#TranslatedLit An Introduction to Modjaji Books by Colleen Higgs

Since 2007 Modjaji Books has been pushing the boundaries of publishing in southern Africa. We put women’s writing and experiences at the heart of our work. We publish everything from poetry and short stories to novels and memoirs. We publish women of all cultures, races and ages.

We have published books on themes such as gender based violence, stillbirths, gender and sexual orientation, female sexuality and the experience that women of all backgrounds share – living in a partiarchial world. Some of these things had not been published in South Africa before.
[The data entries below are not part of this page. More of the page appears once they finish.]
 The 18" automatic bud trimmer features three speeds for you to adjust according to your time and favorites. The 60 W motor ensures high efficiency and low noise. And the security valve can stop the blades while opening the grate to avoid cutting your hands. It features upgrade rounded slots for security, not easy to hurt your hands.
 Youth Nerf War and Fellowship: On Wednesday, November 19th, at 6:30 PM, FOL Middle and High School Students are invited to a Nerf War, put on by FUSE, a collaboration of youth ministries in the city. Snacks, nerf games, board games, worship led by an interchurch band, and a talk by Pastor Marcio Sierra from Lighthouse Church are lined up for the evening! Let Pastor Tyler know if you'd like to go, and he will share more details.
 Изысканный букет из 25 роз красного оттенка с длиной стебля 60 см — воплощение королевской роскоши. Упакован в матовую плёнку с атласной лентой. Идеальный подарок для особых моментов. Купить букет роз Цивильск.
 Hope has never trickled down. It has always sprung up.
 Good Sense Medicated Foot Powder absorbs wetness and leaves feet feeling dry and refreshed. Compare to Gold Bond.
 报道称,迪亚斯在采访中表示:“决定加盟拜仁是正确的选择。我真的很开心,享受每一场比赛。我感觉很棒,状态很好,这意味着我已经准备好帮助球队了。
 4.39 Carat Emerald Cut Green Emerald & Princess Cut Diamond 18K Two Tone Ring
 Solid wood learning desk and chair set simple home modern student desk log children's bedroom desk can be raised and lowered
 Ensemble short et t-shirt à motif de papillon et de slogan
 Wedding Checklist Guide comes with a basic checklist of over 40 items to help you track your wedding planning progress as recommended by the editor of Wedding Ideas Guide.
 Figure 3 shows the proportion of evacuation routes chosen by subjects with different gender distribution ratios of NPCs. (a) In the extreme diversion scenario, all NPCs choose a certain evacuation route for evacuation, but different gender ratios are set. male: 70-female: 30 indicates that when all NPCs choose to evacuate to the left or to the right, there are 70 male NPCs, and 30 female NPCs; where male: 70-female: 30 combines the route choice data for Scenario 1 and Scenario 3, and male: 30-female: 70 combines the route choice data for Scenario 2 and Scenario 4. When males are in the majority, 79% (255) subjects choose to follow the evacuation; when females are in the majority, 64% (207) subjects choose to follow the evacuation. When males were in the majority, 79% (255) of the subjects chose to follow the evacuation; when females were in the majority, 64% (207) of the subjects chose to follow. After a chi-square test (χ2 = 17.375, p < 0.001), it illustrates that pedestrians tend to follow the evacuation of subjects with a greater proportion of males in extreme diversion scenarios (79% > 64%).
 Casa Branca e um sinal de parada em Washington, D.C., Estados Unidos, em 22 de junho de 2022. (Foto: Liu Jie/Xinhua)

Our catalogue encompasses a wide range of women’s experiences including, but not limited to, motherhood and sisterhood, documentary film-making and journalism, teaching and art, bread making, marriage and partnerships, acting and playwriting, activism and mentoring. 

Our authors are southern African women and women born in other parts of the world who live here now.

We love making our book covers beautiful by using original artworks by local artists (mostly women) and we often use hand lettering for the title and author name.

Modjaji’s work has been risky and underfunded, and has made our ongoing survival precarious and stressful. We survive because we have had some angel investors and brilliant young interns (who are paid a stipend). In spite of our makeshift existence, Modjaji has been warmly welcomed and supported by the literary community, both in South Africa and internationally. We’ve been invited as a guest to many book fairs – in particular Frankfurt, Geneva, Doha, Nairobi and the South African Book Fair. Our readers, writers, book designers, cover artists, distributors, booksellers, printers, media and other vital parts of the literary world, have all been part of ensuring our survival and presence in the literary world.

African Books Collective is an important partner for us, where we have world rights they distribute our titles internationally using Print on Demand technology and via e-books. They represent us at conferences on African literature – our books being visible and available for international purchase has helped us build our readership and provides a welcome additional income stream. It also means we can get books sent to book fairs and for international award submissions more easily than from here.

(Modjaji author: Trifonia Melibea Obono)

A number of our authors have won awards and this has boosted their careers. Most of our writers have enjoyed new opportunities as a result of their book/s being published with us: writers’ residencies, being picked up by agents, movie rights optioned, invitations to literary festivals here and abroad, job offers, new ways of earning an income, being included in prestigious anthologies, writers in residence, lecturers on MFA courses.

We’ve sold rights to some of our titles to presses in Brazil, Canada, Mozambique, Norway, Germany, France, the US, Nigeria, the UK, and Australia. Our writers have had the pleasure and experience of their books being received by international readers and those who have read in languages other than English, and in some cases have enjoyed being invited on book tours and to events in countries in other parts of the world.

We are proud to belong to the International Alliance of Independent Publishers and to participate in bringing diversity to the literary world along with fellow publishers globally who are also committed to this goal. As independent publishers we make a difference to what can and what is published, and to representing views and experiences which are local, controversial, critical, particular.

(Colleen Higgs started Modjaji Books in 2007. Colleen also wrote A rough guide to small-scale and self-publishing (2005, Centre for the Book) and the South African Small Publishers’ Catalogue (edited with Maire Fisher, 2006, Centre for the Book) and has consistently championed small-scale, self and independent publishing in South Africa.)